### Dataset records
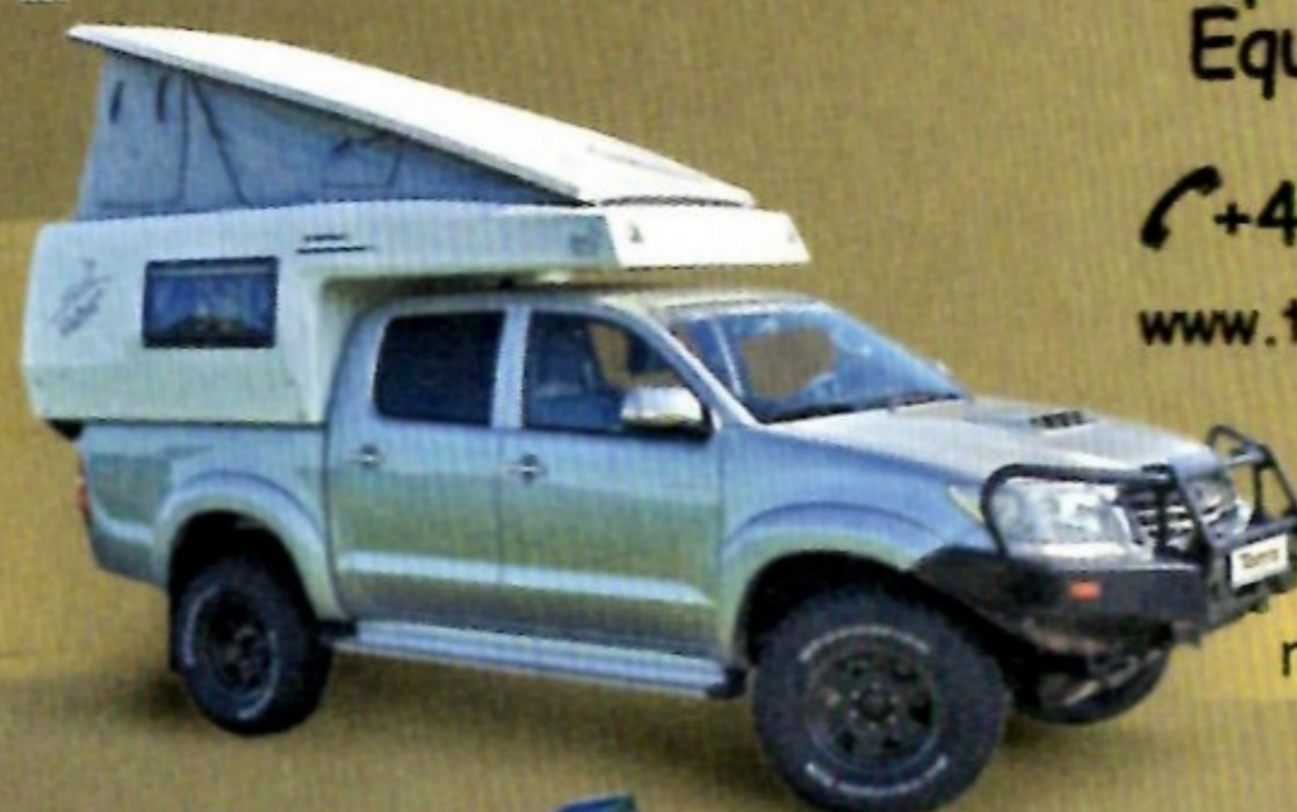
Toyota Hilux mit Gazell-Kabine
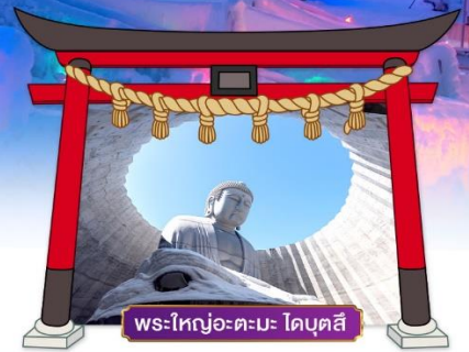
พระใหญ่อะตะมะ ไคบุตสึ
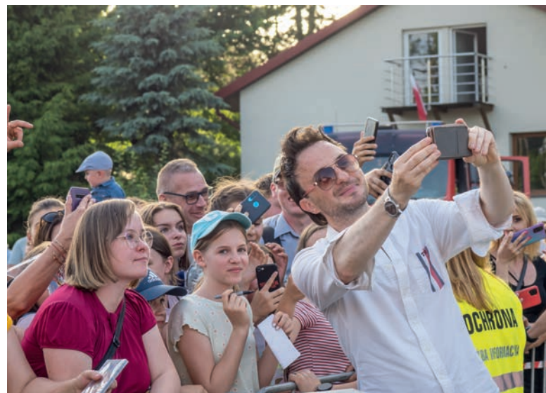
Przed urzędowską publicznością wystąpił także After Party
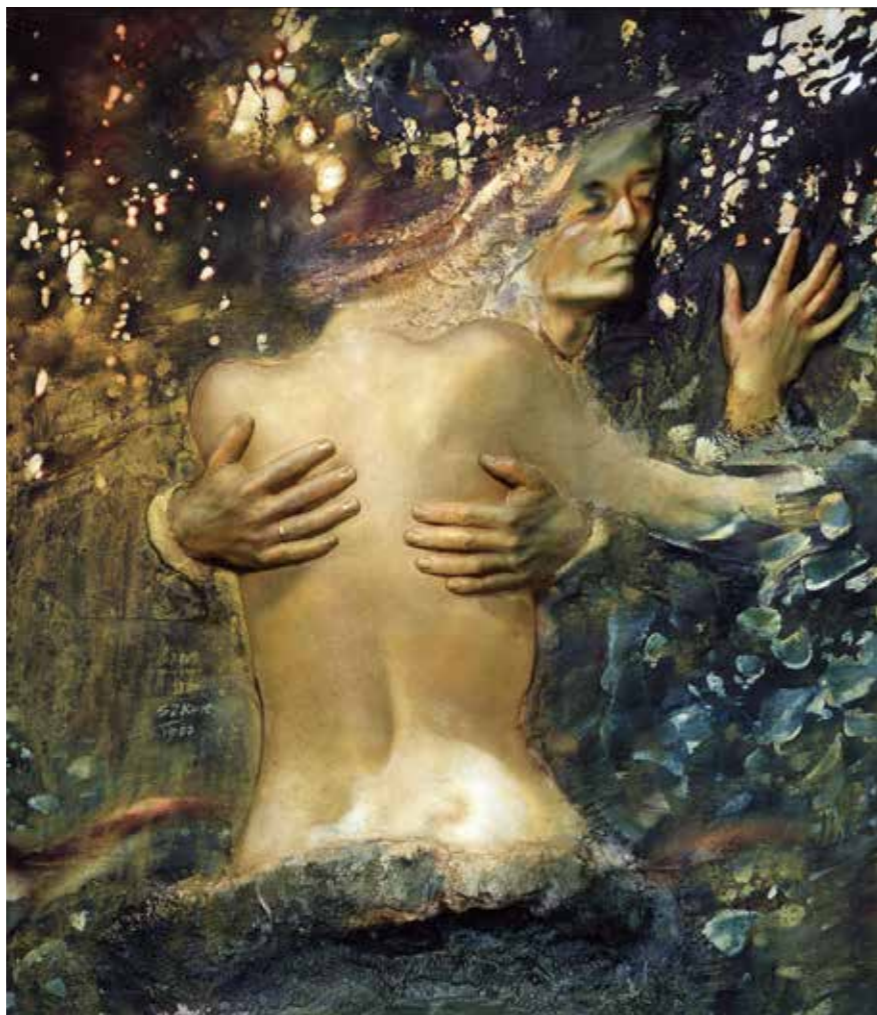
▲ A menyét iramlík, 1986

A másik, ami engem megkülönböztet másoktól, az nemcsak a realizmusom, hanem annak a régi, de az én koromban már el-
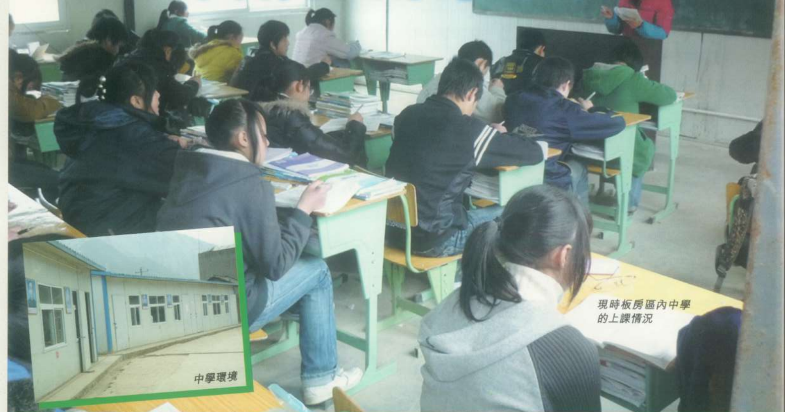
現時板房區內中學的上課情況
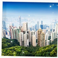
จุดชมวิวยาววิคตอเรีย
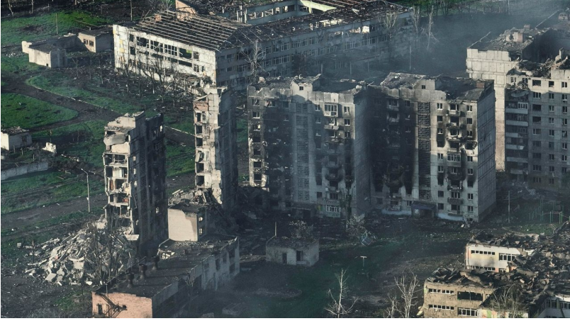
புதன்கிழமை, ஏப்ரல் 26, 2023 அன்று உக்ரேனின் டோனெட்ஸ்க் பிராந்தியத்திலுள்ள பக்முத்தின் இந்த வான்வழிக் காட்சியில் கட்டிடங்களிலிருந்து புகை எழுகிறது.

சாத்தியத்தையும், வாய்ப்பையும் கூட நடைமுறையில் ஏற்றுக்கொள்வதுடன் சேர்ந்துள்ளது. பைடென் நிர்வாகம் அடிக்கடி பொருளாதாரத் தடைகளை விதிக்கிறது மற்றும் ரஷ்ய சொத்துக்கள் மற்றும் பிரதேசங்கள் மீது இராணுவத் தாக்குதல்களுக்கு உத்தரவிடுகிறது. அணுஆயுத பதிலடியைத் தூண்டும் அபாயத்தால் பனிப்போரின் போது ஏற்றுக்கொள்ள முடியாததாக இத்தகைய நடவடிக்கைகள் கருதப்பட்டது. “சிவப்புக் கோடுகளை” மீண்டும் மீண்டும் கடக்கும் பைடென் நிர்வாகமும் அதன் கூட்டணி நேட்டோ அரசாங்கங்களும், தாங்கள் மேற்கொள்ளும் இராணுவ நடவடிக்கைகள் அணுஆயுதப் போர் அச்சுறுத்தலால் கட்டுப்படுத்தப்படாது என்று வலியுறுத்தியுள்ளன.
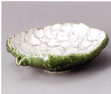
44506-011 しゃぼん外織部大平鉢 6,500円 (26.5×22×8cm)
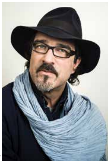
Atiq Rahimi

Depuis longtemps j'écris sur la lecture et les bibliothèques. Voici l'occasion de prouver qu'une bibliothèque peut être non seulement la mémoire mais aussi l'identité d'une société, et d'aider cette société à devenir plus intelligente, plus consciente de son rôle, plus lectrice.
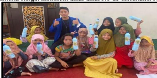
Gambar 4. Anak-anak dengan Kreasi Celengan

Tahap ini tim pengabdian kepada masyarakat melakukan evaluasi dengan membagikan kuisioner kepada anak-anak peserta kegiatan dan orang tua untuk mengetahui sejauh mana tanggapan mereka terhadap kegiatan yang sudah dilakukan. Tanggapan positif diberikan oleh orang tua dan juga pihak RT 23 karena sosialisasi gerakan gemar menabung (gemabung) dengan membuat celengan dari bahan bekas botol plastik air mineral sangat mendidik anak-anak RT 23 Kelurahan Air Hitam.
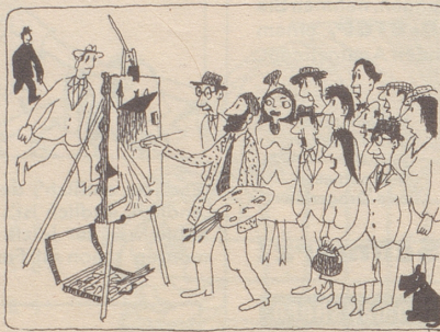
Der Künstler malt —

==

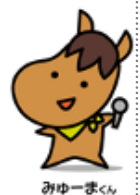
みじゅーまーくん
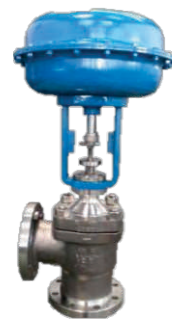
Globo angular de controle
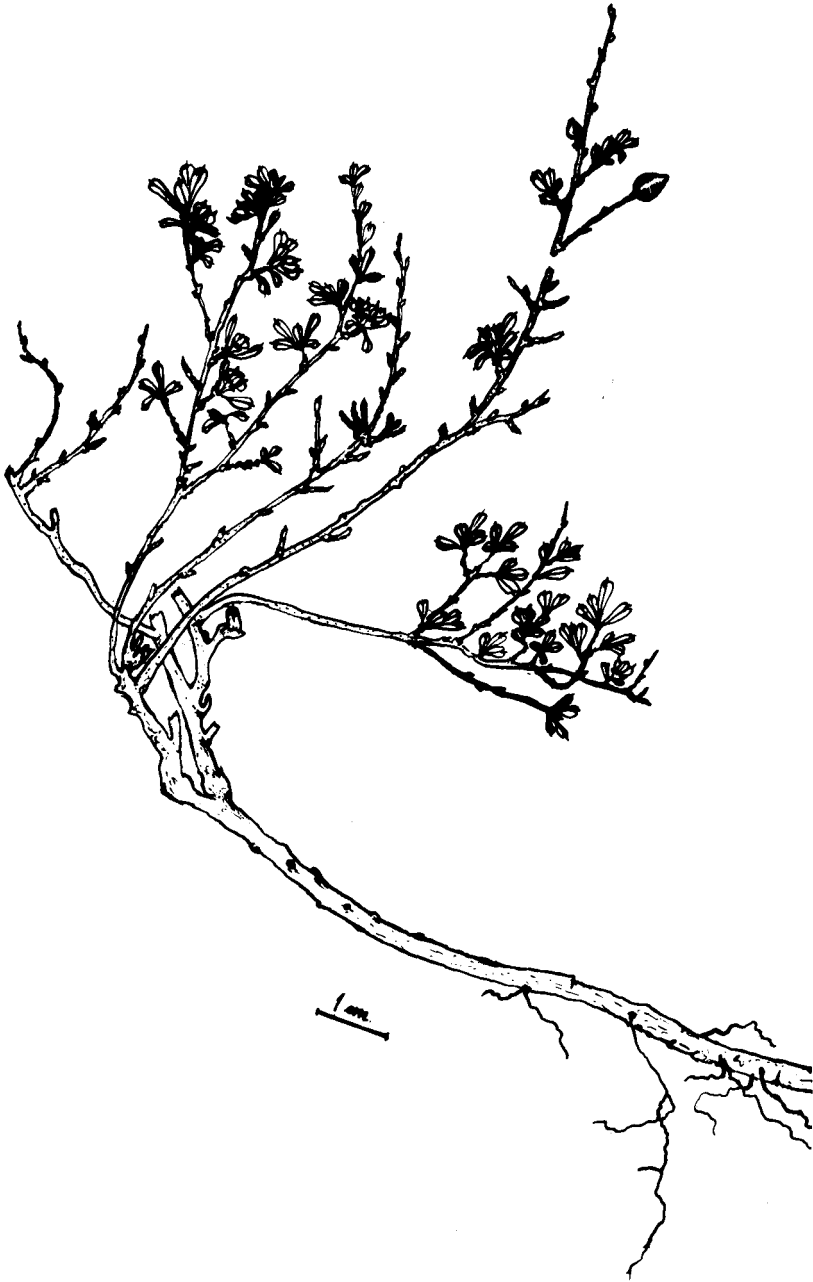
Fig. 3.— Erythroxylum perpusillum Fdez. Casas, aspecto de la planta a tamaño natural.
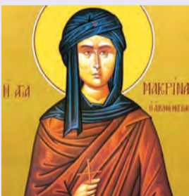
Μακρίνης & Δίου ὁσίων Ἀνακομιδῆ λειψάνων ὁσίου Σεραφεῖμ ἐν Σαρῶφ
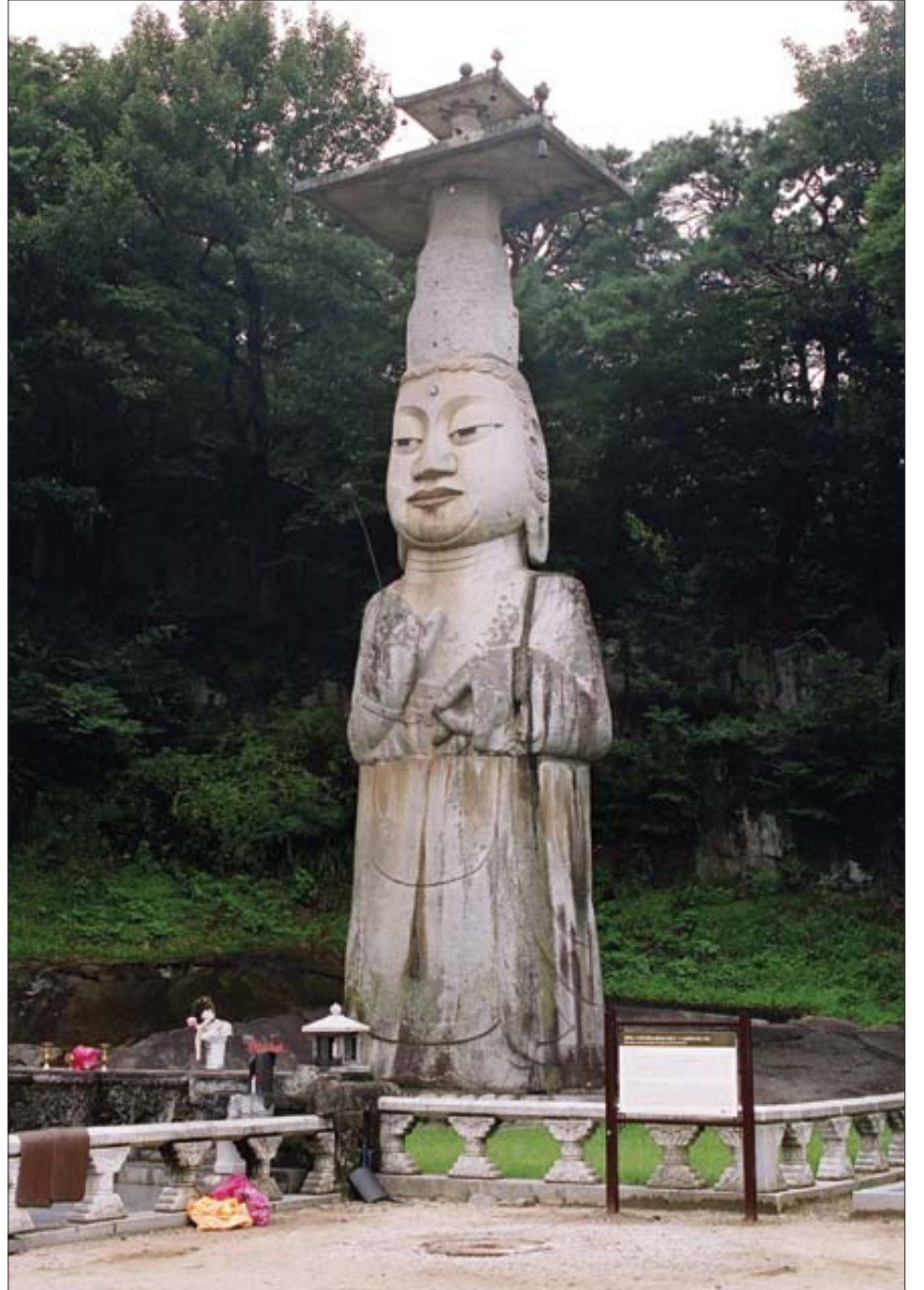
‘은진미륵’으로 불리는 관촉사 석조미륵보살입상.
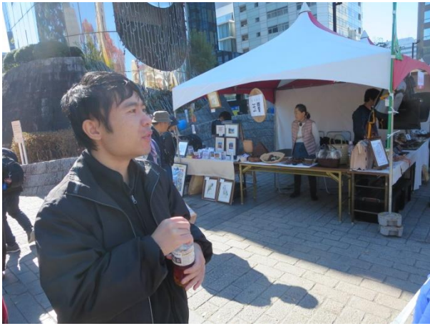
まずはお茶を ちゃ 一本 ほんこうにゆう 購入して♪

### Problem description
Repeat the lines above exactly, beginning with the one containing "Toyota Hilux mit Gazell-Kabine" and finishing with the one containing "புதன்கிழமை, ஏப்ரல் 26, 2023". No pictures belong in the copy.

### Answer to this problem
Toyota Hilux mit Gazell-Kabine
พระใหญ่อะตะมะ ไคบุตสึ
Przed urzędowską publicznością wystąpił także After Party
▲ A menyét iramlík, 1986

A másik, ami engem megkülönböztet másoktól, az nemcsak a realizmusom, hanem annak a régi, de az én koromban már el-
現時板房區內中學的上課情況
จุดชมวิวยาววิคตอเรีย
புதன்கிழமை, ஏப்ரல் 26, 2023 அன்று உக்ரேனின் டோனெட்ஸ்க் பிராந்தியத்திலுள்ள பக்முத்தின் இந்த வான்வழிக் காட்சியில் கட்டிடங்களிலிருந்து புகை எழுகிறது.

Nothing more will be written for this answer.